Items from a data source
▼
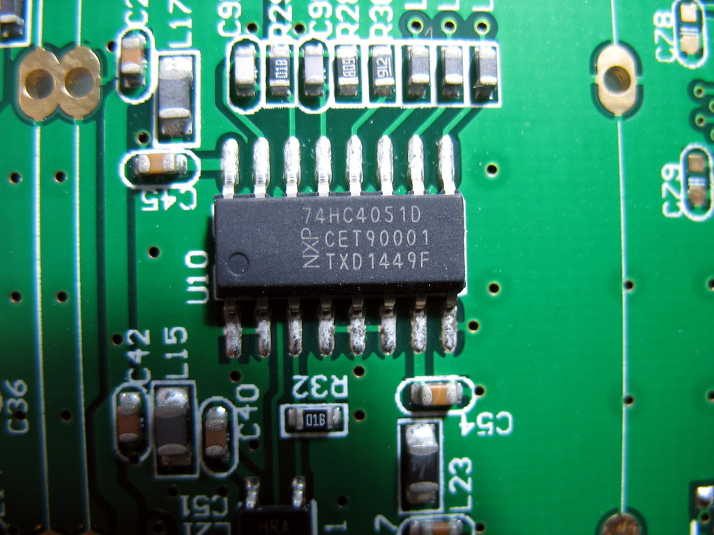 - 2x 8-channel analog multiplexer/demultiplexer: NXP 74HC4051D (datasheet)
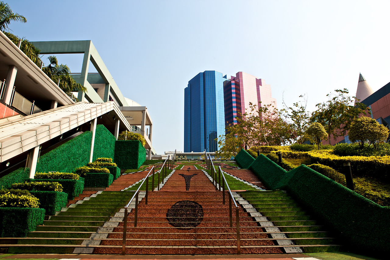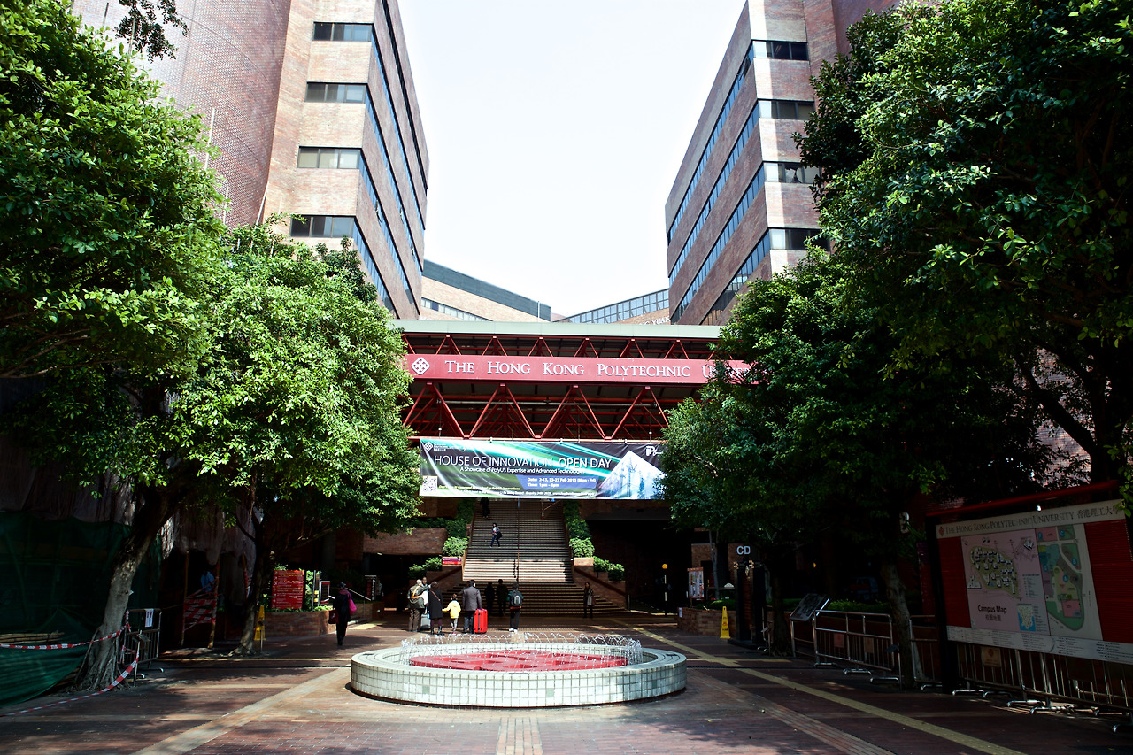 홍콩 폴리텍 대학은 규모 있는 대학인 것 같았다. 섬유, 패션 등 다양한 분야를 가르치고 있었고 엄청난 규모는 아니었지만 그렇다고 결코 작은 학교도 아니었다. 목욕탕 타일 같은 분수를 지나 계단을 오르니 학교는 밖에서 보는 것 보다 훨씬 컸다. 여기저기서 단체 후드티를 입은 학생들이 구호를 외치고 있었는데, 학교 축제인가 싶어 잠시 구경했다.
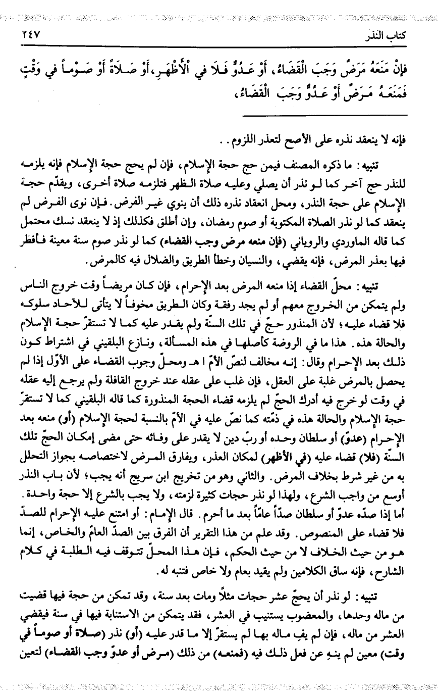 تَنْبِيهٌ: مَا ذَكَرَهُ الْمُصَنِّفُ فِيمَنْ حَجَّ حَجَّةَ الْإِسْلَامِ، فَإِنْ لَمْ يَحُجَّ حَجَّةَ الْإِسْلَامِ فَإِنَّهُ يَلْزَمُهُ لِلنَّذْرِ حَجٌّ آخَرُ كَمَا لَوْ نَذَرَ أَنْ يُصَلِّيَ وَعَلَيْهِ صَلَاةُ الظُّهْرِ فَتَلْزَمُهُ صَلَاةٌ أُخْرَى، وَيُقَدِّمُ حَجَّةَ الْإِسْلَامِ عَلَى حَجَّةِ النَّذْرِ، وَمَحَلُّ انْعِقَادِ نَذْرِهِ ذَلِكَ أَنْ يَنْوِيَ غَيْرَ الْفَرْضِ. فَإِنْ نَوَى الْفَرْضَ لَمْ يَنْعَقِدْ كَمَا لَوْ نَذَرَ الصَّلَاةَ الْمَكْتُوبَةَ أَوْ صَوْمَ رَمَضَانَ، وَإِنْ أَطْلَقَ فَكَذَلِكَ إذْ لَا يَنْعَقِدُ نُسُكٌ مُحْتَمَلٌ كَمَا قَالَهُ الْمَاوَرْدِيُّ وَالرُّويَانِيُّ (فَإِنْ مَنَعَهُ مَرَضٌ وَجَبَ الْقَضَاءُ) كَمَا لَوْ نَذَرَ صَوْمَ سَنَةٍ مُعَيَّنَةٍ فَأَفْطَرَ فِيهَا بِعُذْرِ الْمَرَضِ، فَإِنَّهُ يَقْضِي، وَالنِّسْيَانُ وَخَطَأُ الطَّرِيقِ وَالضَّلَالُ فِيهِ كَالْمَرَضِ.
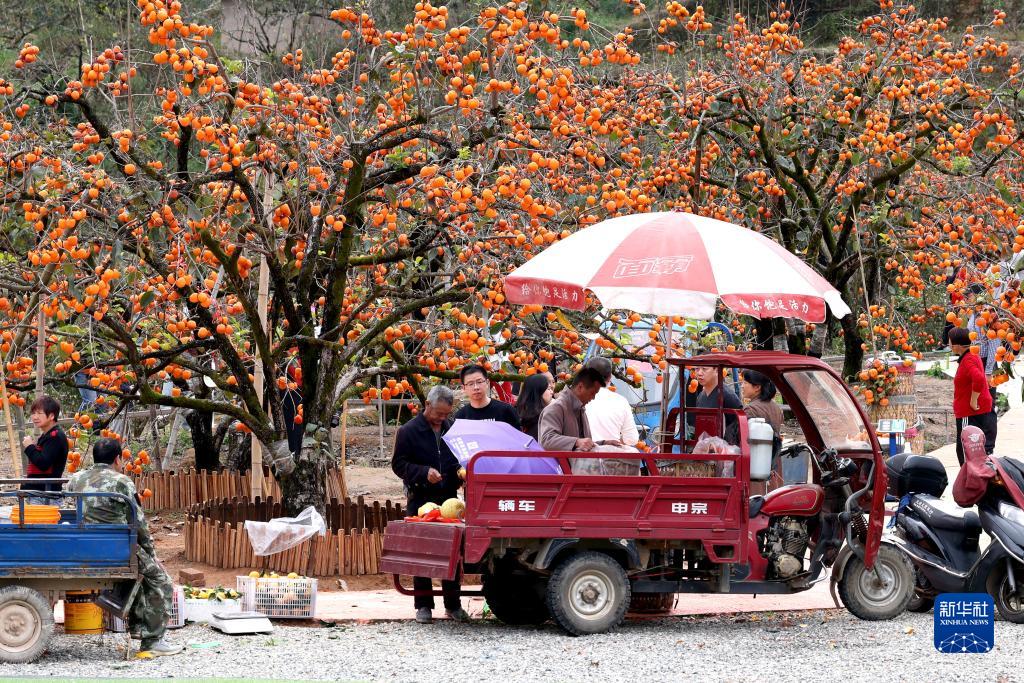 11月12日,游客在寧德市古田縣利洋村柿子園購買(mǎi)柿子。
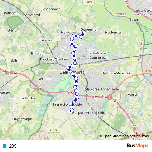 The first stop of the 205 bus route is Delmenhorst Bungerhof and the last stop is Delmenhorst Danziger Straße. 205 is operational during ежедневно.
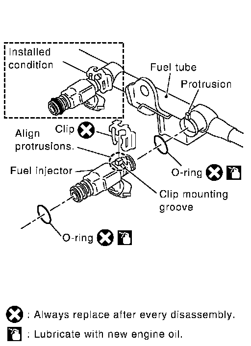 ^ Make sure that protrusions of fuel injectors are aligned with cutouts of clips after installation.
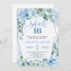 Boho light blue flowers eucalyptus silver sweet 16 invitation
▲
* **What you need to do**: The range to set down runs from the line containing "The first stop" through the final line of the data, both ends included; give it exactly and drop the pictures.

* **Exercise response**:
 The first stop of the 205 bus route is Delmenhorst Bungerhof and the last stop is Delmenhorst Danziger Straße. 205 is operational during ежедневно.
 ^ Make sure that protrusions of fuel injectors are aligned with cutouts of clips after installation.
 Boho light blue flowers eucalyptus silver sweet 16 invitation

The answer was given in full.